Rats received for 3 weeks two diets of identical composition but based on lipid-protein matrices of liquid fine (LFE) or gelled coarse (GCE) emulsion. LFE diet led to higher abundance, when compared to the GCE, of Lactobacillaceae (Lactobacillus reuteri) in the ileum, higher β-diversity of the caecum mucus-associated bacteria. In contrast, the LFE diet led to a decrease in Akkermansia municiphila in the caecum. This coincided with heavier caecum content and higher amount of isovalerate in the LFE group. LFE diet induced an increased expression of (i) amino acid transporters in the ileum (ii) glucagon in the caecum, together with an elevated level of GLP-1 in portal plasma. However, these intestinal effects were not associated with modification of food intake or body weight gain.

CONCLUSION

Overall, the structure of protein emulsion in food affects the expression of amino acid transporters and gut peptides concomitantly with modification of the gut microbiota composition and activity.
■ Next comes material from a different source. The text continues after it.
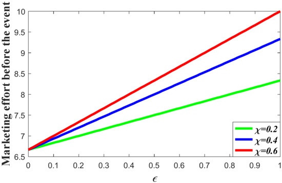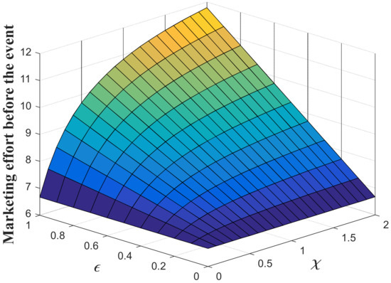 It worth noting that the decisions made by supply chain members in the pre-event regime bear a similar structure compared with those in the post-event regime. Hence, decisions before and after the event have similar properties. For example, marketing decision increases in and . Carbon reduction decision increases in and , and decreases in . We can also learn from Proposition 3 that, different from the optimal decision after the event, the retailer’s marketing decision before the event is influenced by the value of occurrence rate and expansion rate , indicating that, when the favorable event is likely to happen, the retailer should evaluate the possibility and impact of the event when making the decision at the initial time to maximize his long-term profit. In addition, if , which means the favorable event will not happen, the equilibrium marketing decision will be identical to that in Proposition 1. The manufacturer should also take the favorable event and its influence into consideration at the beginning, for his decision is dependent upon goodwill which will be affected by and through marketing effort. After further analyzing the impacts of and on equilibrium decisions, we can have the following corollaries.

Our data suggest that these effects of the emulsion structure are the result of a modification of protein digestion properties.

摘要

范围

很少有研究评估食物结构对消化、营养吸收以及微生物群落组成和代谢的体内影响。本研究在大鼠中评估了食物中两种蛋白质乳液结构对肠道微生物群、腔内容物组成和肠道特征的影响。

方法和结果

大鼠连续 3 周接受两种成分相同但基于液体细乳液(LFE)或凝胶粗乳液(GCE)脂质-蛋白质基质的饮食。与 GCE 相比,LFE 饮食导致回肠中乳杆菌科(雷氏乳杆菌)的丰度更高,盲肠粘液相关细菌的β多样性更高。相比之下,LFE 饮食导致盲肠中阿克曼氏菌减少。这与盲肠内容物较重和 LFE 组异戊酸含量较高相一致。LFE 饮食诱导了(i)回肠中氨基酸转运体的表达增加,(ii)盲肠中胰高血糖素的表达增加,同时门静脉血浆中 GLP-1 水平升高。然而,这些肠道效应与食物摄入量或体重增加的改变无关。

结论

总体而言,食物中蛋白质乳液的结构会影响氨基酸转运体和肠道肽的表达,同时会改变肠道微生物群的组成和活性。我们的数据表明,乳液结构的这些影响是蛋白质消化特性改变的结果。